- _Supplied material_:
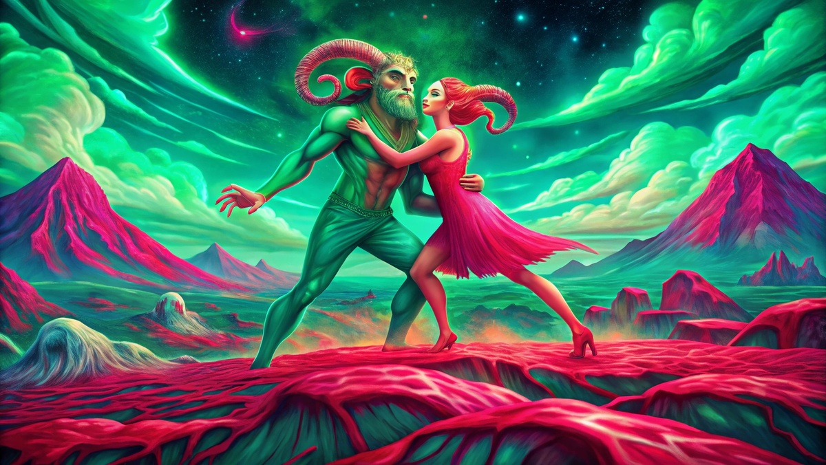 Они познакомились на вечеринке. Он (Овен) разбил бокал, делая тост. Она (Лев) рассмеялась и сказала: «Ты — дурак, но мой дурак». Через месяц они сняли совместный TikTok, через два разругались из-за того, кто будет вести блог. Через три помирились, потому что без него/неё было скучно.
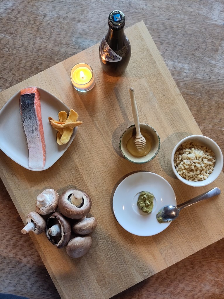 Cet Orval jeune s’apparie délicieusement avec ce saumon braisé, couvert d’une sauce miel-citron-moutarde. L’ensemble se laisse merveilleusement accompagner par des champignons à la poêle et de l’orge mondé agrémenté de thym et de basilic.
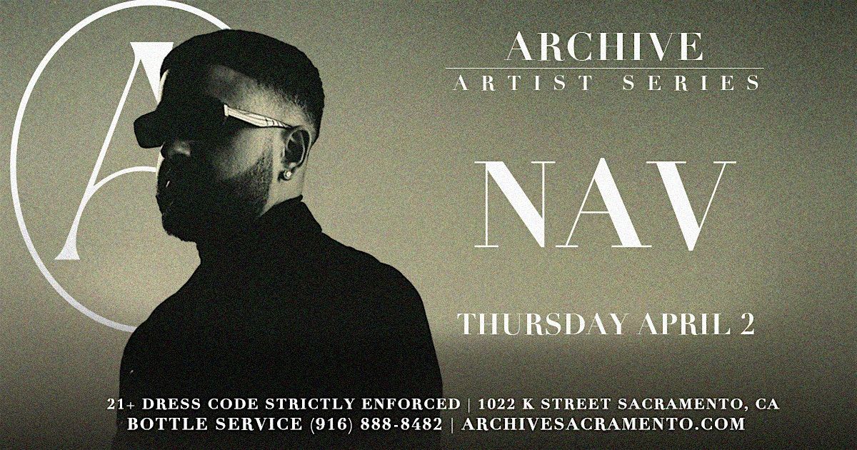 NAV makes his debut at Archive Nightclub! Join us on Thursday, April 2nd for Archive Artist Series hosted by the one and only, NAV! Also featuring DJ Shabazz!
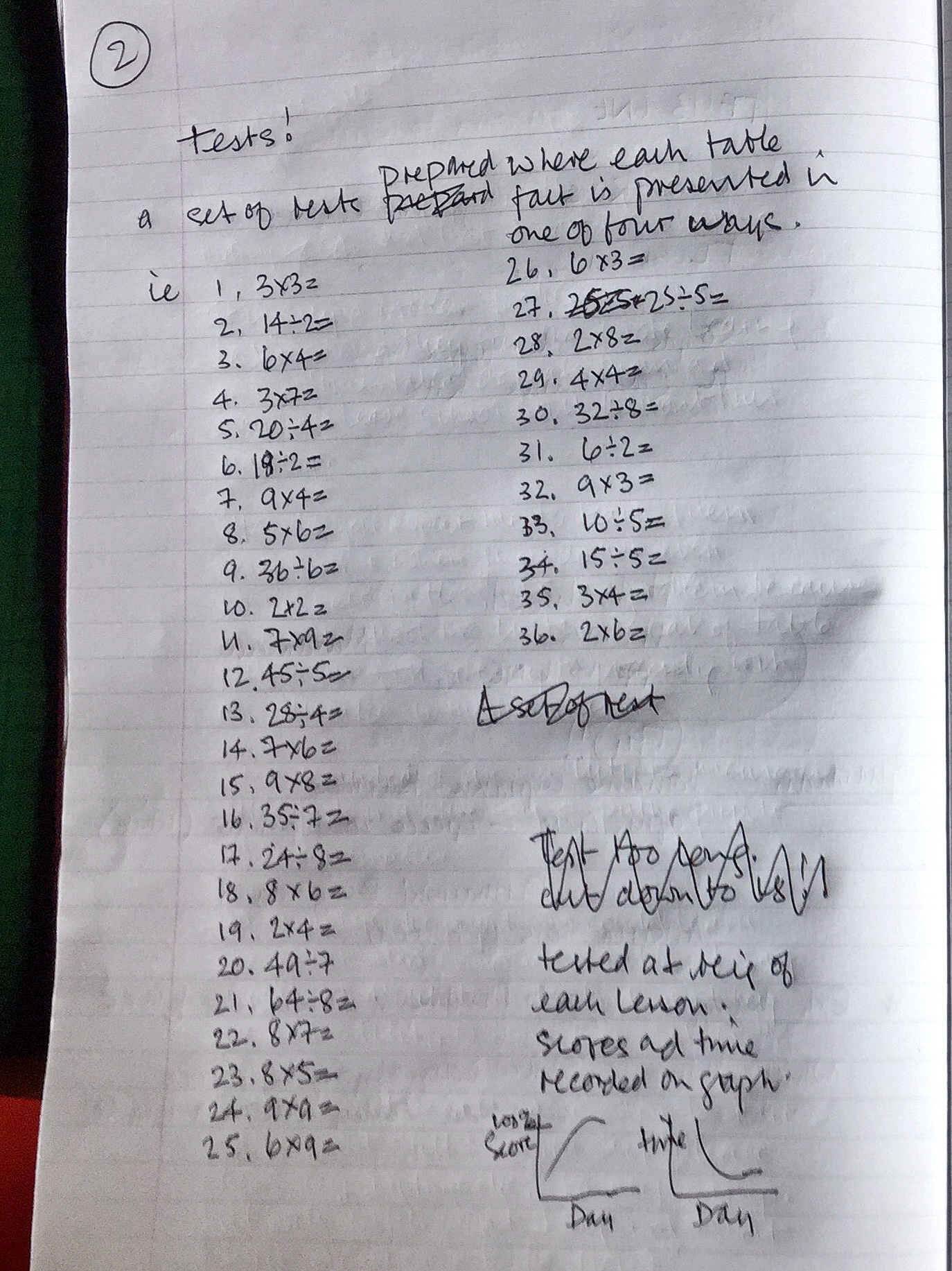 The four facts associated with the card were discussed and a few cards were introduced at the beginning of each lesson. After a few weeks the group were tested. A question on each card at random, ie: 12 ÷ 4, 4 x 3, 12 ÷ 3 or 3 x 4. The test was scored for each pupil and recorded on a personal table. Every lesson started with a test prepared on paper and pupils were given the time taken. Results were recorded and individual graphs drawn up were displayed.

- _Activity_:
Would you repeat each line of the listing exactly, skipping any picture?

- _Result below_:
 Они познакомились на вечеринке. Он (Овен) разбил бокал, делая тост. Она (Лев) рассмеялась и сказала: «Ты — дурак, но мой дурак». Через месяц они сняли совместный TikTok, через два разругались из-за того, кто будет вести блог. Через три помирились, потому что без него/неё было скучно.
 Cet Orval jeune s’apparie délicieusement avec ce saumon braisé, couvert d’une sauce miel-citron-moutarde. L’ensemble se laisse merveilleusement accompagner par des champignons à la poêle et de l’orge mondé agrémenté de thym et de basilic.
 NAV makes his debut at Archive Nightclub! Join us on Thursday, April 2nd for Archive Artist Series hosted by the one and only, NAV! Also featuring DJ Shabazz!
 The four facts associated with the card were discussed and a few cards were introduced at the beginning of each lesson. After a few weeks the group were tested. A question on each card at random, ie: 12 ÷ 4, 4 x 3, 12 ÷ 3 or 3 x 4. The test was scored for each pupil and recorded on a personal table. Every lesson started with a test prepared on paper and pupils were given the time taken. Results were recorded and individual graphs drawn up were displayed.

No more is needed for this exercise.